For protein purification, 2 l cultures of the clone were grown in a LEX bioreactor (Harbinger) at 293 K in auto-induction medium (Studier, 2005). After 72 h of growth, the culture was pelleted (Sorvall RC 12BP fitted with an H-12000 rotor; spun for 20 min at 4300 rev min−1) and the cell paste was harvested and flash-frozen in liquid nitrogen. To prepare protein samples, the cell paste was solubilized in 200 ml lysis buffer (25 mM HEPES, 500 mM NaCl, 5% glycerol, 30 mM imidazole, 0.5% CHAPS, 10 mM MgCl2, 1 mM TCEP, 25 µg ml−1 AEBSF pH 7.0) with 0.01 g lysozyme and sonicated for 30 min (100 W, cycles of 15 s pulse-on and 15 s pulse-off; Virtis, catalog No. 408912). After sonication, the samples were treated with benzonase (500 U) and then centrifuged for 1 h (14 000 rev min−1 in a Sorvall SLA-1500 rotor) to clarify the cell debris. The protein was purified by immobilized metal ion-affinity on pre-equilibrated (25 mM HEPES pH 7.0, 500 mM NaCl, 5% glycerol, 30 mM imidazole, 1 mM TCEP and 0.025% azide) 5 ml Ni Sepharose columns (HisTrap FF; GE Healthcare, catalog No. 17-5255-01) using an ÄTKAexplorer. After thorough washing, the bound protein was eluted from the nickel column by addition of elution buffer (25 mM HEPES pH 7.0, 500 mM NaCl, 5% glycerol, 1 mM TCEP, 250 mM imidazole and 0.025% azide). Fractions from nickel-affinity were analyzed for protein content and pooled. The N-terminal 6×His tag was removed by treatment with His-MBP-3C protease overnight at 277 K in 3C buffer (25 mM HEPES pH 7.0, 200 mM NaCl, 5% glycerol, 1 mM TCEP, 0.025% azide). Cleaved protein samples were passed over Ni resin beads (Ni Sepharose 6 Fast Flow; GE Healthcare, catalog No. 17-5318-02) to remove noncleaved protein, the cleaved 6×His tag, 3C protease and contaminants that bind to nickel. Clarified cleaved protein was then further purified by (SEC; HiLoad 26/60 Superdex 75; GE Healthcare, catalog No. 17-1071-01) using an ÄTKAprime to collect fractions in SEC buffer (25 mM HEPES pH 7.0, 500 mM NaCl, 5% glycerol, 2 mM DTT, 0.025% azide). SEC fractions were analyzed by SDS–PAGE. The highest intensity SEC fractions were pooled and concentrated (Amicon Ultra-15 concentrator with a molecular-weight cutoff of 3000 Da; Fisher, catalog No. UFC901096). Protein samples were aliquoted in 100 µl volumes, flash-frozen in liquid nitrogen and stored at 193 K.
3. Results and discussion
As part of the SSGCID structural genomics pipeline, we routinely analyze by SDS–PAGE both the total and soluble fractions of small-scale cultures in 96-well sets (see Choi et al., 2011) in order to identify tractable targets for purification. These high-throughput screens are analyzed to identify insoluble or non-expressing constructs and, in most cases, to remove them from the pipeline. However, the present study further pursued these cases of suboptimal expression in order to directly compare His-tag-fusion expression with MBP-fusion expression. Our specific goal was to quantity the frequency with which adding MBP to a protein increased expression and solubility sufficiently to allow purification. We modified our His-tag E. coli expression vector to include an MBP tag between the hexahistidine residues and the 3C cleavage (allowing cleavage of the N-terminal tag during purification) four amino acids upstream of the methionine start signal of the target protein, while maintaining the same insertion sequence (Fig. 1). This design strategy allowed us to efficiently employ the same PCR-amplified T4 polymerase-treated product for LIC insertion into either vector without requiring further modification.
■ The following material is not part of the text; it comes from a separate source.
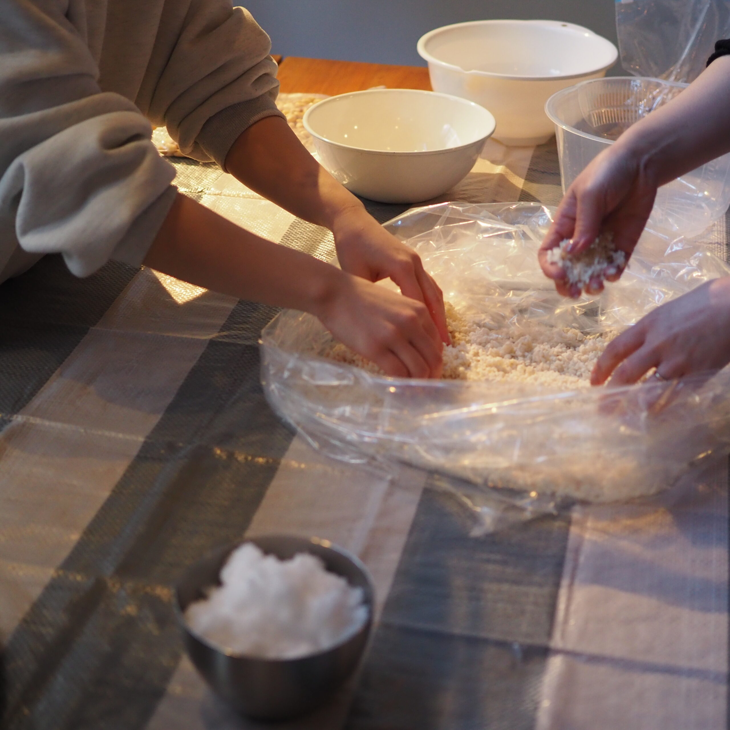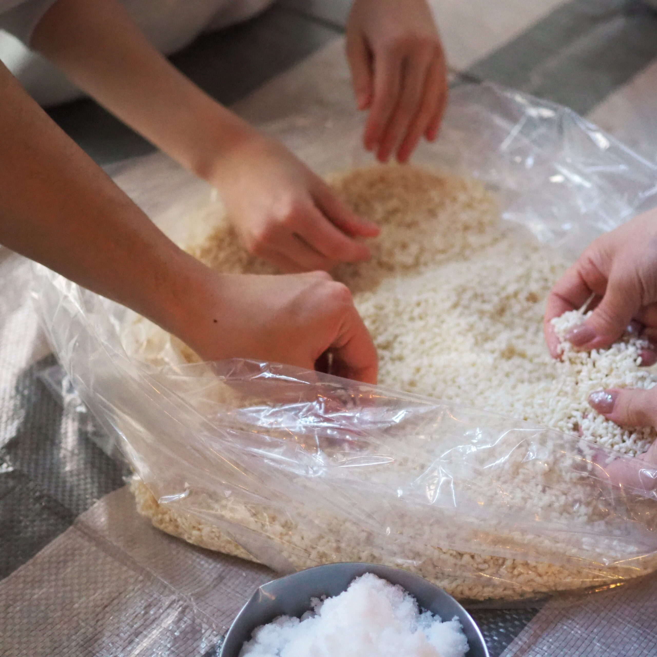 麹と塩を混ぜ合わせていく作業は、シンプルながらも手間と時間がかかるもの。

From the entire set of constructs screened for the SSGCID project in our standard expression vector with the minimal His tag, we identified 497 unique clones that had neither total nor soluble protein expression. From this group of nearly 500 targets, we verified by sequencing that 295 of the constructs contained the expected gene sequence, eliminating the possibility of an empty vector as the reason for the lack of protein expression and verifying correct PCR amplification. 95 of these genes were selected for further study based on our desire to cover a wide range of protein functions from both prokaryotic and eukaryotic organisms (see Supplementary Material1 for a complete list of proteins).
Of the 95 targets selected for this study, 94 were successfully cloned into the expression host and screened for solubility. The vast majority of the targets (72%) expressed some level of protein of the expected size (the combined size of the target protein and MBP) as visualized by SDS–PAGE. 58 targets (62%) additionally had protein of the expected size in the soluble fraction. The majority (37) of these had detectable but low soluble expression (band easily visible on the gel), 11 samples had medium solubility (representing roughly 20–40% of soluble protein) and ten had high soluble expression levels (representing ≥40% of the soluble protein). Of the 36 remaining targets, 23 expressed a protein band which corresponded to the expected size of MBP alone, indicating that in these samples MBP was solubly expressed but not the fusion partner. Rescue rates were fairly similar among targets from prokaryotic and eukaryotic sources (Fig. 2).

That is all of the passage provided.